Indicator of Educational effectiveness: Parents and other citizens seem to think that test results are it.
NCLB: the latest in a series of legislative initiatives that have transformed students’ performances on important tests into the single, most important factor in determining educational quality.
1st Lesson: understand how the proper and improper uses of test results are an indicator of educational effectiveness.
2nd lesson: Need to understand how assessment (test results) can improve the instructional process. Tests are not just a way to determine who gets the A’s in your class.
Assessment inference: = interpretation of test results = making sense out of the students’ test results
Norm-referenced tests: = nationally standardized tests (technically a test is not norm referenced, but it is the inferences or result-based interpretations that are norm-referenced.
Curricular aim = criterion = target=each set of the 500grade-level spelling words
Norm referenced interpretations: require less precise descriptions of what’s being measured (do not need clearly defined objectives)
A test created to provide: criterion referenced interpretations usually does not do a good job of providing norm-referenced inferences and vise-versa.
Categories of curricular aim: Cognitive, Psychomotor, Affective
3 steps to determine what should be measured: 1. Identify decision 2. Choose interpretation 3. Identify sources of item content 4. Determine what to measure
3 Types of decisions: selection, evaluation, instruction
Fixed Quota setting: More applicants than openings. Norm referenced interpretations (compare the 500 applicants and pick the best 100)
Requisite-skill/Knowledge: Who is qualified? Don’t want to let 25% of the students get their white coat and stethoscope if they are not qualified (Criterion-referenced)
Single most important factor: to judge educational tests are the instructional contribution those tests are likely to make.
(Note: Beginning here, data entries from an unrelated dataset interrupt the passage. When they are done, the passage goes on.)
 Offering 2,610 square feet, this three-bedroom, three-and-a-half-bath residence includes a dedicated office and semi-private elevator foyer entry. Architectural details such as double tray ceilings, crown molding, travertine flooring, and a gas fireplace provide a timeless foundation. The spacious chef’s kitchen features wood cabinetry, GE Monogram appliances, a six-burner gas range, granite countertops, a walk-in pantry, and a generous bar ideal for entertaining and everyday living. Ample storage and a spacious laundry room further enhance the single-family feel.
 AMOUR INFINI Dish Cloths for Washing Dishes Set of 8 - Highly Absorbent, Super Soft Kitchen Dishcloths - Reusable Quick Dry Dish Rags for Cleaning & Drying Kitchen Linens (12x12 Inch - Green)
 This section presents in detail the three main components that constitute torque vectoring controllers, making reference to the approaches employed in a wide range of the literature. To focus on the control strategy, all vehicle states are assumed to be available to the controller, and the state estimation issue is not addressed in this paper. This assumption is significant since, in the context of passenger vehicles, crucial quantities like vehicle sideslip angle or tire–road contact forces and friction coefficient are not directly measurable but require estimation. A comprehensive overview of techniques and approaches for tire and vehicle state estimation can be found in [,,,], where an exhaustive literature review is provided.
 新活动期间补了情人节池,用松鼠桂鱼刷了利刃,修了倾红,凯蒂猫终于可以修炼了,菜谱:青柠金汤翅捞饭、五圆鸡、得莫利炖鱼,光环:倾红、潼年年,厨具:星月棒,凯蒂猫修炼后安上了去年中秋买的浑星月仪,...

Will the assessment help teachers design and deliver better instruction?
Curricular magnets: Whatever the tests measured began to occupy more importance in the curriculum.
NCLB: most recent reauthorization of ESEA (elementary & secondary education act of 1965)
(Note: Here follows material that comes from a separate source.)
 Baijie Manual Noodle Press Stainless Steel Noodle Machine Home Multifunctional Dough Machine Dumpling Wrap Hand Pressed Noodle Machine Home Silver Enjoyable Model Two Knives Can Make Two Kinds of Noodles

Requires math & reading tests in 3-8 and 10-12
Science tests grades 3-5, 6-9, & 10-12
Select your own state standards to test
3 levels of performance – Basic, proficient, advanced
Adequate yearly progress (AYP) All children will be proficient or advanced
Types of Assessment: can impact instruction
Pre-assessments: help determine what to teach
Progress-monitoring test: decide whether to continue or cease instruction
Diploma-denial exam: teachers focus on what need to be learned
End of year final exam: help teachers decide if alterations need to be made for next year.
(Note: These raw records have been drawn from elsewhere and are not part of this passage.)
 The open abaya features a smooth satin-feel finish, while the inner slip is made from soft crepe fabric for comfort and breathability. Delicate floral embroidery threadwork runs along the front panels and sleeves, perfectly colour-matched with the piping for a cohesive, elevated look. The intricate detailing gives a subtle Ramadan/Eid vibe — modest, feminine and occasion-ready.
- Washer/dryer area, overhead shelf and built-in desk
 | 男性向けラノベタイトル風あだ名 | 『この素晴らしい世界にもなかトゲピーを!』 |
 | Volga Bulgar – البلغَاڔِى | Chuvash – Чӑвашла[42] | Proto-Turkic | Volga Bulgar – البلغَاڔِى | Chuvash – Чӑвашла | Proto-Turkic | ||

NCLB assessments: teachers will try to use instructional approaches that lead to AYP.
Instruction – influenced instruction: Curriculum was determined, instruction was planned and after instruction was delivered, then assessment took place (Traditional method)
Assessment – Influenced instruction: Curriculum, Assessment, instruction
Professional ethics guideline: no test-preparation practice should violate the ethical norms of the education profession.
Teachers have an ethical responsibility to serve as models of moral behavior for children
Educational Defensibility Guideline: No test preparation practice should increase students’ test scores without simultaneously increasing students’ mastery of the curricular aim being assessed.
Validity: the accuracy of the inferences or interpretations that are made based on students’ performances on measurement devices.
Relationship between validity and reliability: In order for a test to be valid, it needs to be reliable, but just because a test is reliable, does not guarantee the validity of the inferences made. (Vocab. test is reliable, but doesn’t show any results as far as ability to pole vault.)